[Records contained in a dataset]
== Segment start ==

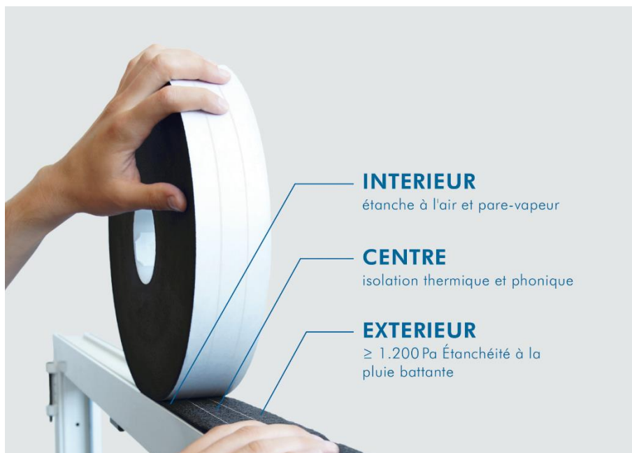
Image 2 : Technologie hybride dans la bande multifonctionnelle ISO-BLOCO HYBRATEC
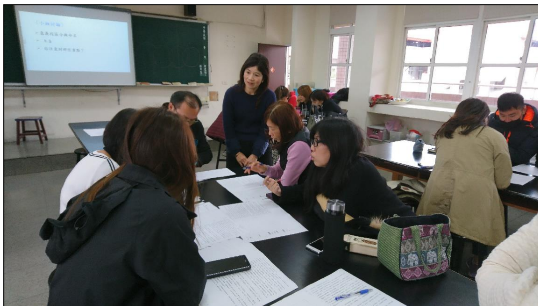
✿✿ 活動說明：素養導向評量實作練習~智救養馬人
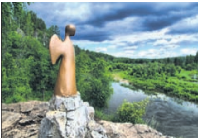
Скульптура Ангела Единой надежды в парке «Оленьи ручьи».

Отправление из Екатеринбурга Дата: 8-10 июля Стоимость: от 6300 руб. с человека В стоимость входит: Услуги гида — экскурсовода и экскурсионная программа в Аркаиме; Переезд на удобном автобусе для дальних рейсов; Питание (1 завтрак, 2 обеда, 2 ужина); Проживание; Входные билеты.
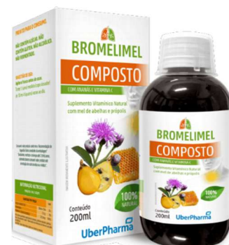
10807-Xarope bromelime de assapeixe 150ml
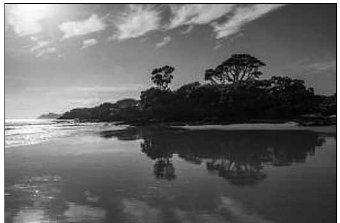
Krajina na Novém Zélandu

Komunita přežila veškeré obtíže a začala se ohlížet po všech možných způsobech, jak si vydělat peníze. Jedním z významných zdrojů příjmů byl prodej dřevěných šindelů. Ty vyráběli muži, vysekávali je do správného rozměru, ženy je pak svazovaly po sto kusech a táhly po skluzavce dolů k řece, kde se nakládaly na pramici a odvážely k ústí řeky do moře. Tam šindele čekaly, dokud nepříplula loď a neodvezla je po moři do Aucklandu. Jenže místní nikdy nevěděli, kdy to bude, a tak hromady šindelů museli každý den kontrolovat, dokud loď nepřípluje. Jakmile je naložili a loď s nákladem odplula, musel se někdo z vesnice rychle vydat pěšky po třicetmilové cestě do Aucklandu a doufat, že do přístavu dorazí dřív než náklad šindelů. Hrozilo totiž, že šindele ukořistí a prodá někdo cizí. Zpočátku dostávala vesnice za šindele velice málo peněz, ale s koncem války o půdu a s objevením zlata na poloostrově Coromandel začala stoupat poptávka po stavebních materiálech, ceny

== Segment end ==

### Your assignment:
Your copy should consist solely of the lines from the line containing "10807-Xarope bromelime de assapeixe 150ml" through the last line of the records above, reproduced exactly, with the pictures left out.

### Result below:
10807-Xarope bromelime de assapeixe 150ml
Krajina na Novém Zélandu

Komunita přežila veškeré obtíže a začala se ohlížet po všech možných způsobech, jak si vydělat peníze. Jedním z významných zdrojů příjmů byl prodej dřevěných šindelů. Ty vyráběli muži, vysekávali je do správného rozměru, ženy je pak svazovaly po sto kusech a táhly po skluzavce dolů k řece, kde se nakládaly na pramici a odvážely k ústí řeky do moře. Tam šindele čekaly, dokud nepříplula loď a neodvezla je po moři do Aucklandu. Jenže místní nikdy nevěděli, kdy to bude, a tak hromady šindelů museli každý den kontrolovat, dokud loď nepřípluje. Jakmile je naložili a loď s nákladem odplula, musel se někdo z vesnice rychle vydat pěšky po třicetmilové cestě do Aucklandu a doufat, že do přístavu dorazí dřív než náklad šindelů. Hrozilo totiž, že šindele ukořistí a prodá někdo cizí. Zpočátku dostávala vesnice za šindele velice málo peněz, ale s koncem války o půdu a s objevením zlata na poloostrově Coromandel začala stoupat poptávka po stavebních materiálech, ceny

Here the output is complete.